* [Given records]

= = =

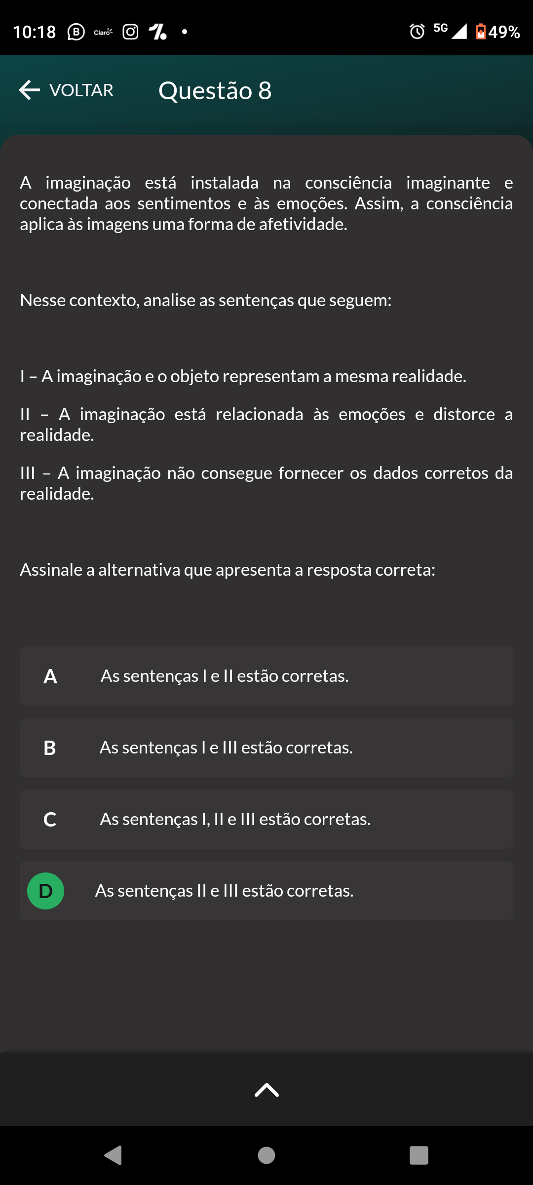 10:18 B 'I. 5G 49% VOLTAR Questão 8 A imaginação está instalada na consciência imaginante e conectada aos sentimentos e às emoções. Assim, a consciência aplica às imagens uma forma de afetividade. Nesse contexto, analise as sentenças que seguem: I - A imaginação e objeto representam a mesma realidade. II - A imaginação está relacionada às emoções e distorce a realidade. III - - A imaginação não consegue fornecer os dados corretos da realidade. Assinale a alternativa que apresenta a resposta correta: A As sentenças I e II estão corretas. As sentenças I e III estão corretas. C As sentenças I, II e III estão corretas. D As sentenças II e III estão corretas.
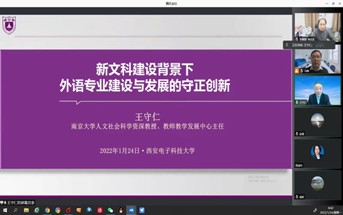 (通讯员:马琪)喜逢西安解除疫情封控、逐步有序复工复产之际,秉持放假不放松、学术不停歇的思路,bwin必赢中国官网诚邀全国著名英语教育专家、南京大学王守仁教授和王海啸教授,于1月24日上午通过线上视频会议的形式为我校和陕西各兄弟院校外语教师成功开展了外语专业建设及大学英语建设两场学术报告。报告会分别由bwin必赢中国官网执行院长马刚、副院长李长安主持,校内外近两百名教师聆听了报告,教师们沉浸在浓厚的学术交流氛围中,深受专家学者的启发,报告会反响热烈。
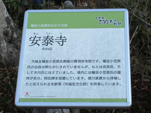 山門をくぐると「はずの民話」シリーズの看板で安泰寺の説明です。今まで英文が併記してある看板は初めてです。これからはこのような看板がいいですね
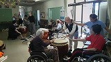 毎年和太鼓の響きに涙する利用者様も続出ですが、演奏後の和太鼓の体験は、すごく楽しそうです!
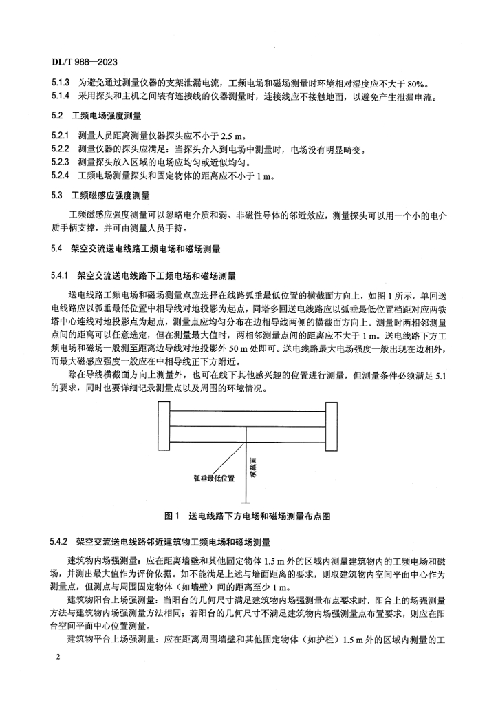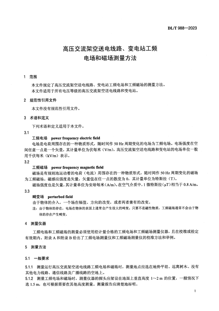DL/T 988-2023 高压交流架空送电线路、变电站工频电场和磁场测量方法
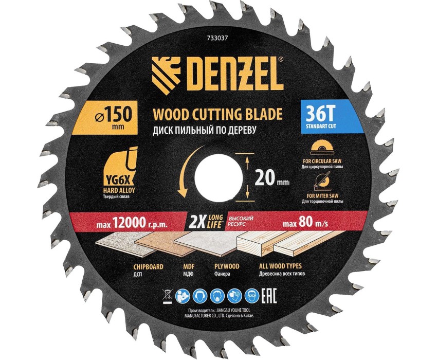 Тонкий пильный диск Denzel 733037 диаметром 150 x 20 мм, с 36 зубьями, устанавливается на циркулярную, торцовочную пилу или распиловочный станок и предназначен для выполнения работ по дереву. Подходит для распиливания древесины любого типа, а также фанеры, ДСП, МДФ. Зубья типа ATB обеспечивают высокое качество и скорость как продольного, так и поперечного распила. Тип реза — стандартный. Толщина диска уменьшена, что повышает производительность и снижает нагрузку на инструмент. На зубья напаяны твердосплавные пластины, длительное время сохраняющие режущую способность. Пластины из твердого сплава YG6X прошли многоступенчатую заточку, что позволило достичь оптимальной геометрии и максимальной эффективности распиловки. Преимущества Надежность — режущие пластины крепко зафиксированы методом пайки с использованием высококачественного термостойкого припоя, содержащего повышенное количество серебра. Долговечность — корпус изготовлен из пружинной стали 65Mn и прошел термическую обработку, поэтому выдерживает повышенные нагрузки. Высокое качество выполняемых работ — благодаря компенсационным прорезям диск не деформируется при нагрузках, обеспечивая стабильно ровный рез. Защита от разрушения — корпус покрыт лаком, переходное кольцо никелировано для предотвращения образования коррозии. Дополнительные возможности — входящее в комплект поставки переходное кольцо с 20 на 16 мм позволяет изменить посадочный размер при необходимости.
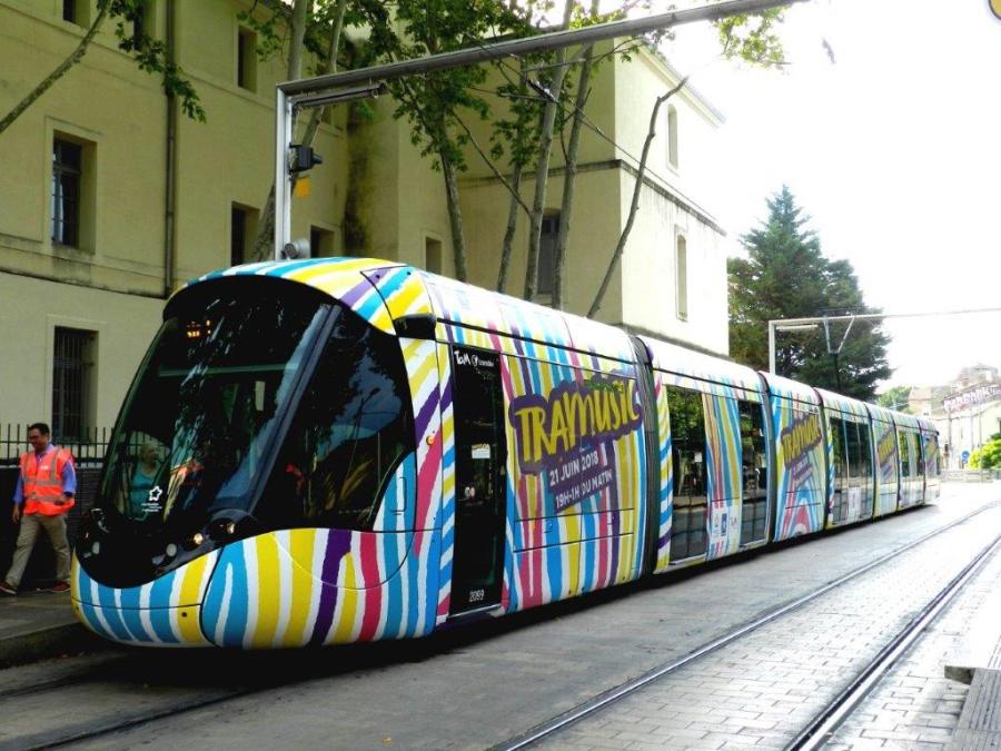 La rame 2099 Citadis 402 Alstom, revêtue du pelliculage intégral TraMusic, est photographiée à la station « Place Albert 1er – Saint-Charles », le jeudi 21 juin 2018. Copyright : Anje34
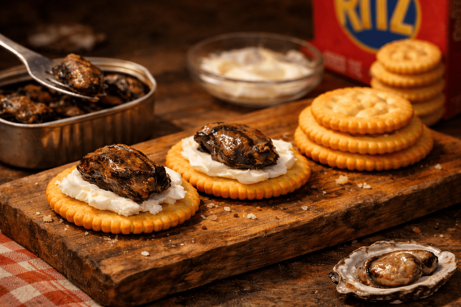 Ghetto S’mores… smoked oysters… cream cheese… Ritz cracker… Trust me… 🔥
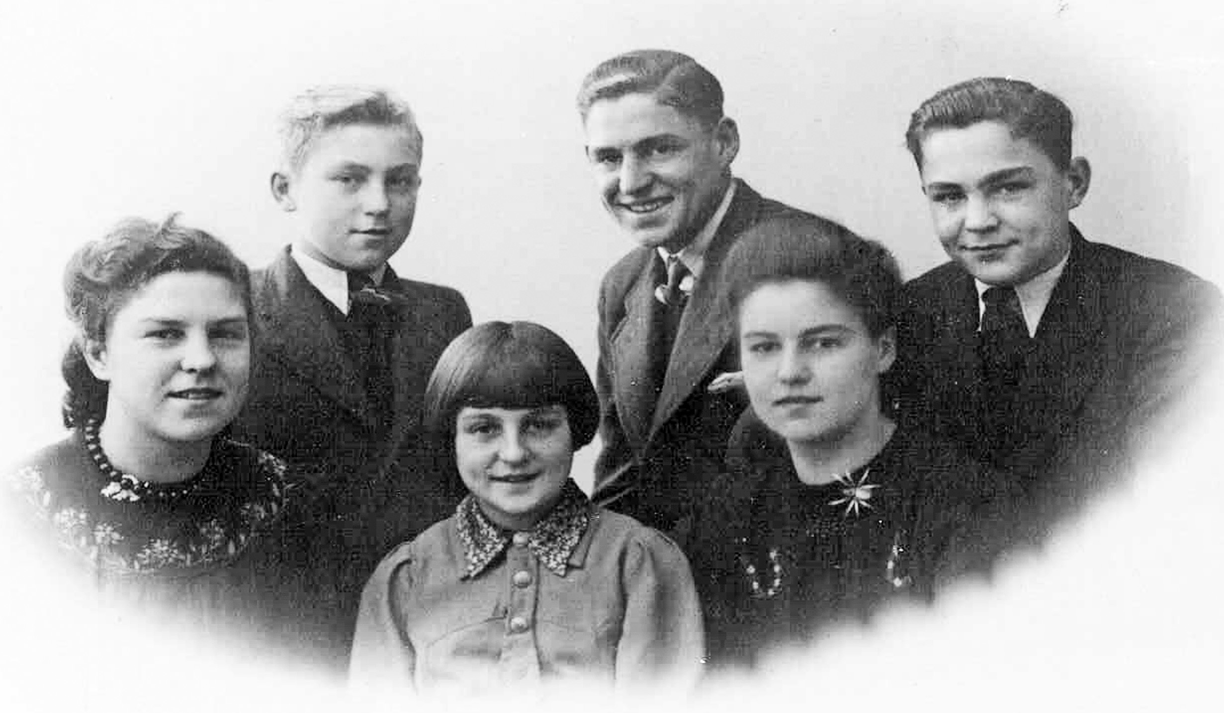 De kinderen Van den Broek met voor de dochters Makkie, Mimi en Cora; achter staat de broers Gerrit, Jaap en Arie.
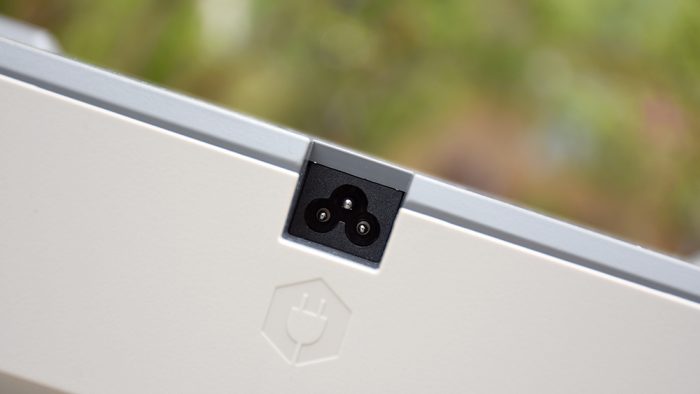 电源接口位于机身底部中间的位置,采用的是传统的三角电饭煲接口。随机附赠的线材长度大约为2米,基本可以满足日常环境下的使用需求。这里有一个小小的槽点,就是电源接口位置偏低并没有标记插入的方向,不太便于盲操作。
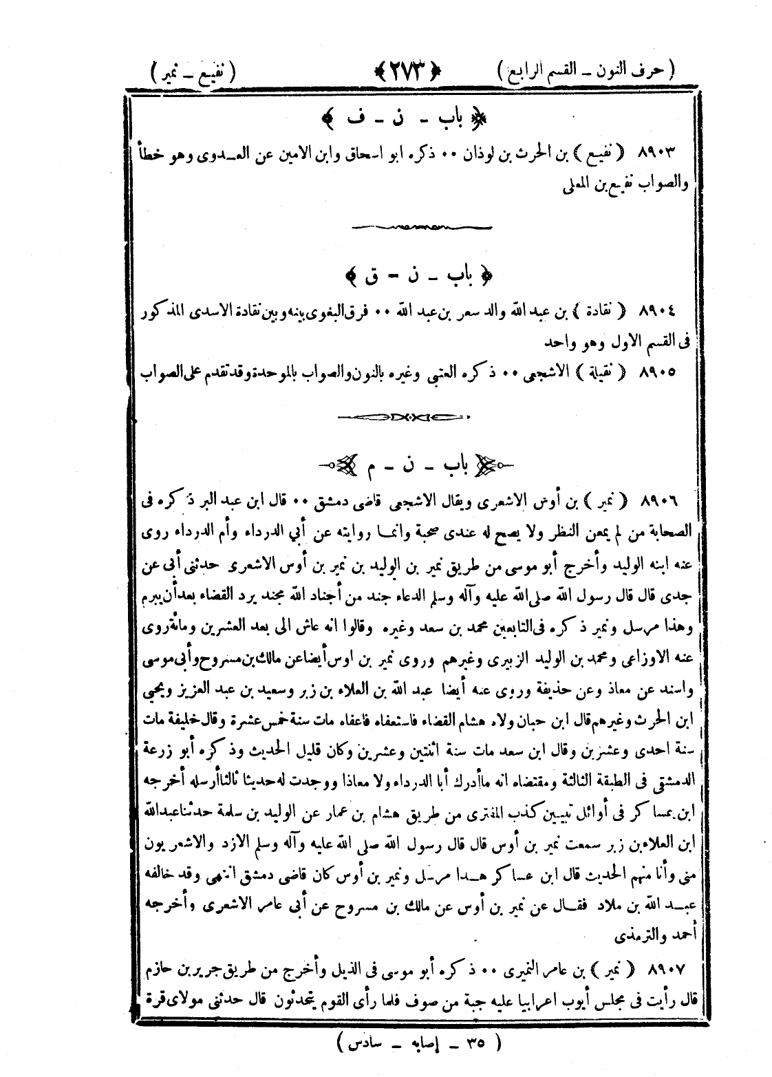 <273> النون بعدها الفاء والقاف نفيع بن الحارث بن لوذان ذكره أبو إسحاق وابن الأمين عن العدوي وهو خطأ والصواب نفيع بن المعلى نقادة بن عبد الله والد سعر بن عبد الله فرق البغوي بينه وبين نقادة الأسدي المذكور في القسم الأول وهو واحد نقيلة الأشجعي ذكره العتبي وغيره بالنون والصواب بالموحدة وقد تقدم على الصواب النون بعدها الميم نمير بن أوس الأشعري ويقال الأشجعي قاضي دمشق قال بن عبد البر ذكره في الصحابة من لم يمعن النظر ولا يصح له عندي صحبة وانما روايته عن أبي الدرداء وأم الدرداء روى عنه ابنه الوليد وأخرج أبو موسى من طريق نمير بن الوليد بن نمير بن أوس الأشعري حدثني أبي عن جدي قال قال رسول الله صلى الله عليه وسلم الدعاء جند من أجناد الله مجند يرد القضاء بعد أن يبرم وهذا مرسل ونمير ذكره في التابعين محمد بن سعد وغيره وقالوا انه عاش الى بعد العشرين ومائة روى عنه الأوزاعي ومحمد بن الوليد الزبيري وغيرهم وروى نمير بن أوس أيضا عن مالك بن مسروح وأبي موسى وأسند عن معاذ وعن حذيفة وروى عنه أيضا عبد الله بن العلاء بن زبر وسعيد بن عبد العزيز ويحيى بن الحارث وغيرهم قال بن حبان ولاه هشام القضاء فاستعفاه فأعفاه مات سنة خمس عشرة وقال خليفة مات سنة إحدى وعشرين وقال بن سعد مات سنة اثنتين وعشرين وكان قليل الحديث وذكره أبو زرعة الدمشقي في الطبقة الثالثة ومقتضاه أنه ما أدرك أبا الدرداء ولا معاذا ووجدت له حديثا ثالثا أرسله أخرجه بن عساكر في أوائل تبيين كذب المفترى من طريق هشام بن عمار عن الوليد بن سلمة حدثنا عبد الله بن العلاء بن زبر سمعت نمير بن أوس قال قال رسول الله صلى الله عليه وسلم الأزد والأشعريون مني وأنا منهم الحديث قال بن عساكر هذا مرسل ونمير بن أوس كان قاضي دمشق انتهى وقد خالفه عبد الله بن ملاذ فقال عن تمير بن أوس عن مالك بن مسروح عن أبي عامر الأشعري وأخرجه أحمد والترمذي نمير بن عامر النميري ذكره أبو موسى في الذيل وأخرج من طريق جرير بن حازم قال رأيت في مجلس أيوب أعرابيا عليه جبة من صوف فلما رأى القوم يتحدثون قال حدثني مولاي قرة §

= = =

* [Directions] The records above need to be copied exactly, with the pictures left out.

* [Solution to the problem]
 10:18 B 'I. 5G 49% VOLTAR Questão 8 A imaginação está instalada na consciência imaginante e conectada aos sentimentos e às emoções. Assim, a consciência aplica às imagens uma forma de afetividade. Nesse contexto, analise as sentenças que seguem: I - A imaginação e objeto representam a mesma realidade. II - A imaginação está relacionada às emoções e distorce a realidade. III - - A imaginação não consegue fornecer os dados corretos da realidade. Assinale a alternativa que apresenta a resposta correta: A As sentenças I e II estão corretas. As sentenças I e III estão corretas. C As sentenças I, II e III estão corretas. D As sentenças II e III estão corretas.
 (通讯员:马琪)喜逢西安解除疫情封控、逐步有序复工复产之际,秉持放假不放松、学术不停歇的思路,bwin必赢中国官网诚邀全国著名英语教育专家、南京大学王守仁教授和王海啸教授,于1月24日上午通过线上视频会议的形式为我校和陕西各兄弟院校外语教师成功开展了外语专业建设及大学英语建设两场学术报告。报告会分别由bwin必赢中国官网执行院长马刚、副院长李长安主持,校内外近两百名教师聆听了报告,教师们沉浸在浓厚的学术交流氛围中,深受专家学者的启发,报告会反响热烈。
 山門をくぐると「はずの民話」シリーズの看板で安泰寺の説明です。今まで英文が併記してある看板は初めてです。これからはこのような看板がいいですね
 毎年和太鼓の響きに涙する利用者様も続出ですが、演奏後の和太鼓の体験は、すごく楽しそうです!
DL/T 988-2023 高压交流架空送电线路、变电站工频电场和磁场测量方法
 Тонкий пильный диск Denzel 733037 диаметром 150 x 20 мм, с 36 зубьями, устанавливается на циркулярную, торцовочную пилу или распиловочный станок и предназначен для выполнения работ по дереву. Подходит для распиливания древесины любого типа, а также фанеры, ДСП, МДФ. Зубья типа ATB обеспечивают высокое качество и скорость как продольного, так и поперечного распила. Тип реза — стандартный. Толщина диска уменьшена, что повышает производительность и снижает нагрузку на инструмент. На зубья напаяны твердосплавные пластины, длительное время сохраняющие режущую способность. Пластины из твердого сплава YG6X прошли многоступенчатую заточку, что позволило достичь оптимальной геометрии и максимальной эффективности распиловки. Преимущества Надежность — режущие пластины крепко зафиксированы методом пайки с использованием высококачественного термостойкого припоя, содержащего повышенное количество серебра. Долговечность — корпус изготовлен из пружинной стали 65Mn и прошел термическую обработку, поэтому выдерживает повышенные нагрузки. Высокое качество выполняемых работ — благодаря компенсационным прорезям диск не деформируется при нагрузках, обеспечивая стабильно ровный рез. Защита от разрушения — корпус покрыт лаком, переходное кольцо никелировано для предотвращения образования коррозии. Дополнительные возможности — входящее в комплект поставки переходное кольцо с 20 на 16 мм позволяет изменить посадочный размер при необходимости.
 La rame 2099 Citadis 402 Alstom, revêtue du pelliculage intégral TraMusic, est photographiée à la station « Place Albert 1er – Saint-Charles », le jeudi 21 juin 2018. Copyright : Anje34
 Ghetto S’mores… smoked oysters… cream cheese… Ritz cracker… Trust me… 🔥
 De kinderen Van den Broek met voor de dochters Makkie, Mimi en Cora; achter staat de broers Gerrit, Jaap en Arie.
 电源接口位于机身底部中间的位置,采用的是传统的三角电饭煲接口。随机附赠的线材长度大约为2米,基本可以满足日常环境下的使用需求。这里有一个小小的槽点,就是电源接口位置偏低并没有标记插入的方向,不太便于盲操作。
 <273> النون بعدها الفاء والقاف نفيع بن الحارث بن لوذان ذكره أبو إسحاق وابن الأمين عن العدوي وهو خطأ والصواب نفيع بن المعلى نقادة بن عبد الله والد سعر بن عبد الله فرق البغوي بينه وبين نقادة الأسدي المذكور في القسم الأول وهو واحد نقيلة الأشجعي ذكره العتبي وغيره بالنون والصواب بالموحدة وقد تقدم على الصواب النون بعدها الميم نمير بن أوس الأشعري ويقال الأشجعي قاضي دمشق قال بن عبد البر ذكره في الصحابة من لم يمعن النظر ولا يصح له عندي صحبة وانما روايته عن أبي الدرداء وأم الدرداء روى عنه ابنه الوليد وأخرج أبو موسى من طريق نمير بن الوليد بن نمير بن أوس الأشعري حدثني أبي عن جدي قال قال رسول الله صلى الله عليه وسلم الدعاء جند من أجناد الله مجند يرد القضاء بعد أن يبرم وهذا مرسل ونمير ذكره في التابعين محمد بن سعد وغيره وقالوا انه عاش الى بعد العشرين ومائة روى عنه الأوزاعي ومحمد بن الوليد الزبيري وغيرهم وروى نمير بن أوس أيضا عن مالك بن مسروح وأبي موسى وأسند عن معاذ وعن حذيفة وروى عنه أيضا عبد الله بن العلاء بن زبر وسعيد بن عبد العزيز ويحيى بن الحارث وغيرهم قال بن حبان ولاه هشام القضاء فاستعفاه فأعفاه مات سنة خمس عشرة وقال خليفة مات سنة إحدى وعشرين وقال بن سعد مات سنة اثنتين وعشرين وكان قليل الحديث وذكره أبو زرعة الدمشقي في الطبقة الثالثة ومقتضاه أنه ما أدرك أبا الدرداء ولا معاذا ووجدت له حديثا ثالثا أرسله أخرجه بن عساكر في أوائل تبيين كذب المفترى من طريق هشام بن عمار عن الوليد بن سلمة حدثنا عبد الله بن العلاء بن زبر سمعت نمير بن أوس قال قال رسول الله صلى الله عليه وسلم الأزد والأشعريون مني وأنا منهم الحديث قال بن عساكر هذا مرسل ونمير بن أوس كان قاضي دمشق انتهى وقد خالفه عبد الله بن ملاذ فقال عن تمير بن أوس عن مالك بن مسروح عن أبي عامر الأشعري وأخرجه أحمد والترمذي نمير بن عامر النميري ذكره أبو موسى في الذيل وأخرج من طريق جرير بن حازم قال رأيت في مجلس أيوب أعرابيا عليه جبة من صوف فلما رأى القوم يتحدثون قال حدثني مولاي قرة §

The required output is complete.